Para ajudar um pouco a diminuir a poluição produzida na cidade, nem precisa radicalizar e trocar o carro pela bicicleta: use o transporte público. Um ônibus, isoladamente, polui bem mais que um carro, mas se você dividir a poluição produzida pela quantidade de pessoas que o utilizam, a poluição que cada indivíduo causa no seu deslocamento será bem menor. E nem precisa fazer muita conta, é só pensar que tem um carro a menos na rua e você está usando um ônibus ou metrô que já estaria ali, com ou sem você dentro dele.

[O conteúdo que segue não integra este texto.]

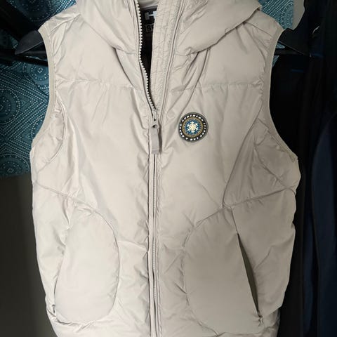 Dunvest fra H2O Fagerholt med toveis skjult glidelås, samt en bred elastikk midjen. Vesten er lite brukt. Str S. Nypris er ca 2199 kr. Et lite merke som er lite synlig. Det er en linen blank flekk på et par millimeter. Se siste bilde. Vanskelig å få det til å synes på bildet. Selges av den grunn billig.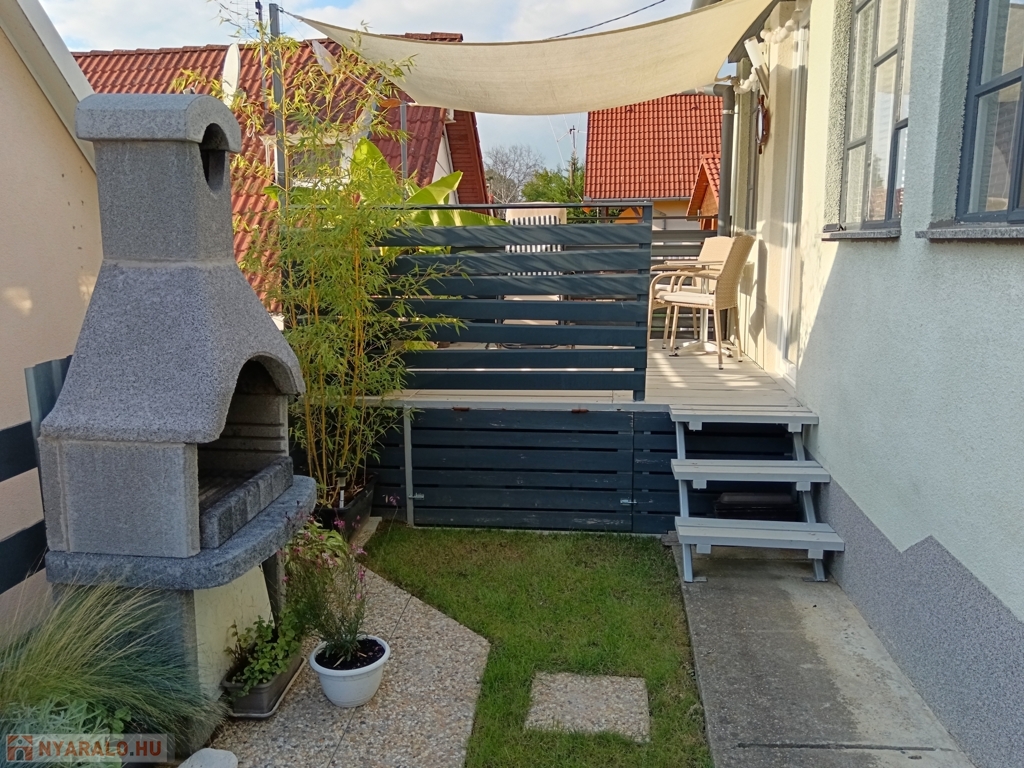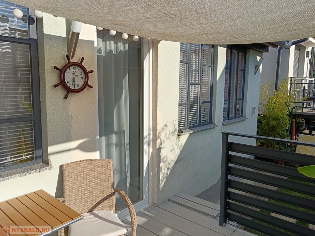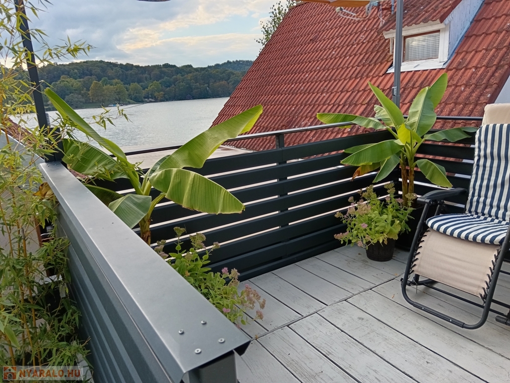A 80 m²-es telek igényesen és praktikusan lett kialakítva. A tóra néző, tágas terasz nyugodt pihenést kínál, ezen kívül fedett terasz, tároló, hintaágy és kemence is található rajta – utóbbiak igény szerint megvásárolhatók.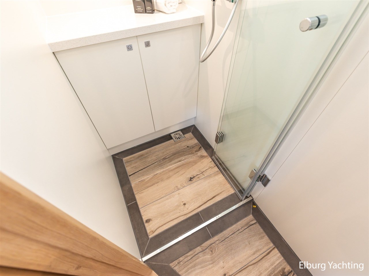 - Geïntegreerd zwemplateau voorzien van hoogwaardig kunst Teak + zwemtrap en hekanker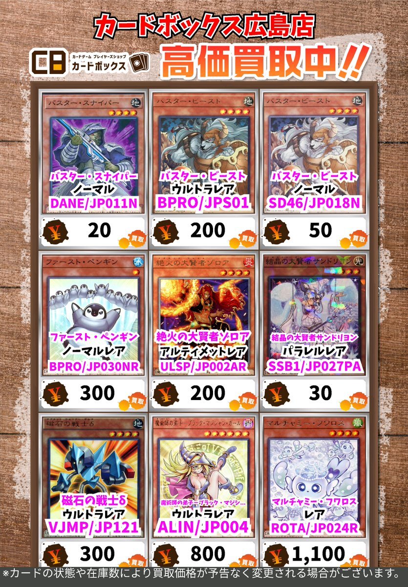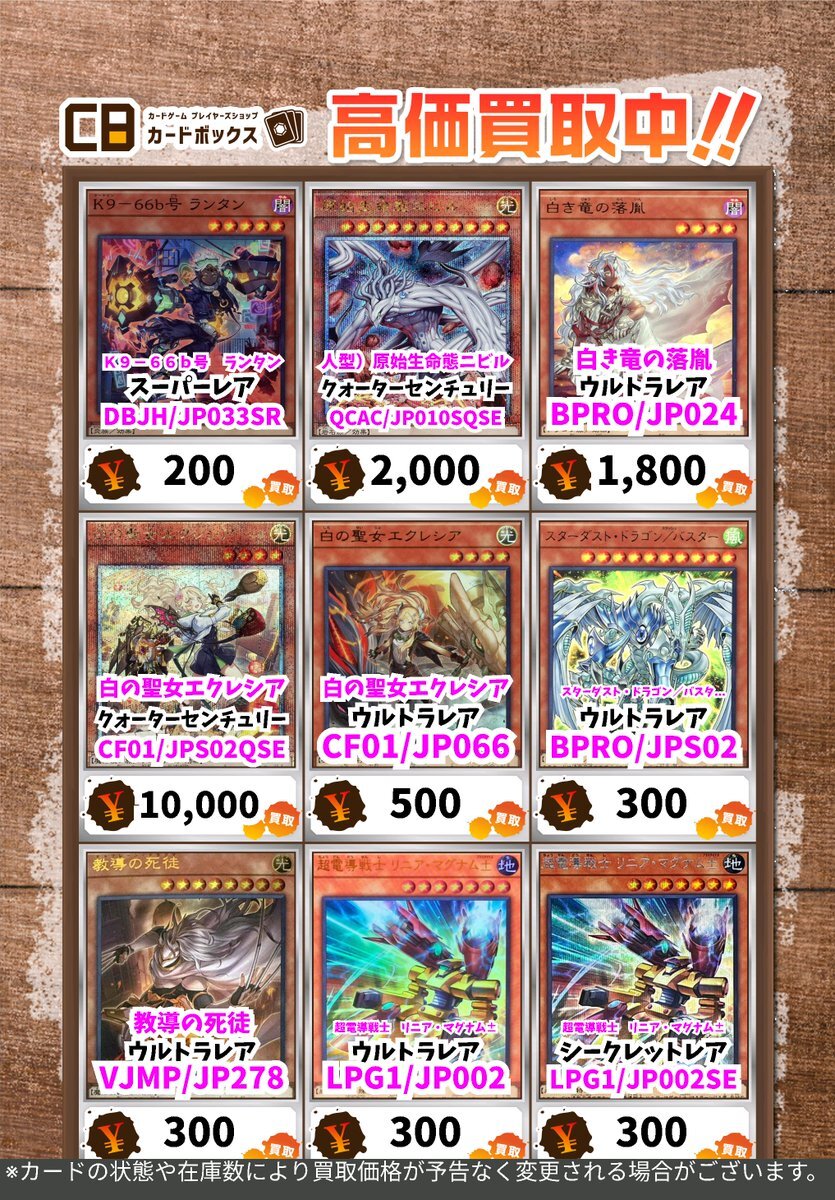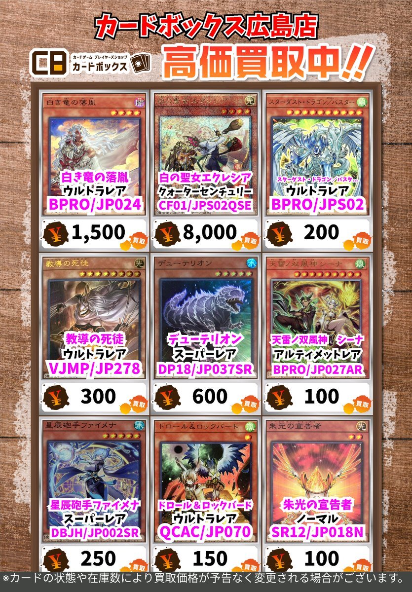 🔥🔥🔥遊戯王買取情報🔥🔥🔥 クリムゾン・ブレーダー/バスター ウルトラレア 50  白き竜の落胤 ウルトラレア 1600  WAKE CUP! アル ノーマルレア 50  バスター・ビースト ウルトラレア 200  スターダスト・ドラゴン/バスター ウルトラレア 300  #遊戯王 #CB広島買取 pic.x.com/yzhHIob7Je

“Ah, mas meu vizinho vai continuar andando com a pickup diesel dele o dia todo, não vai adiantar nada se eu sozinho poluir menos”. Bom, então continue usando seu carro, compactuando com o homicídio culposo que é a poluição. Você continuará causando em todos, inclusive em seus próprios familiares, a redução de sua expectativa de vida e as doenças respiratórias e cardíacas. Se você não conseguir tornar o ar tão mais limpo quanto gostaria, limpará pelo menos sua consciência, sabendo que faz o máximo que pode.

Pelo menos nos dias úteis, quando não preciso transportar minha mulher e meu filho pequeno, uso a bicicleta. Nesses dias eu não poluo o ar que meu filho respira. No âmbito individual, é o máximo que eu posso fazer por enquanto – e me sinto bem com isso.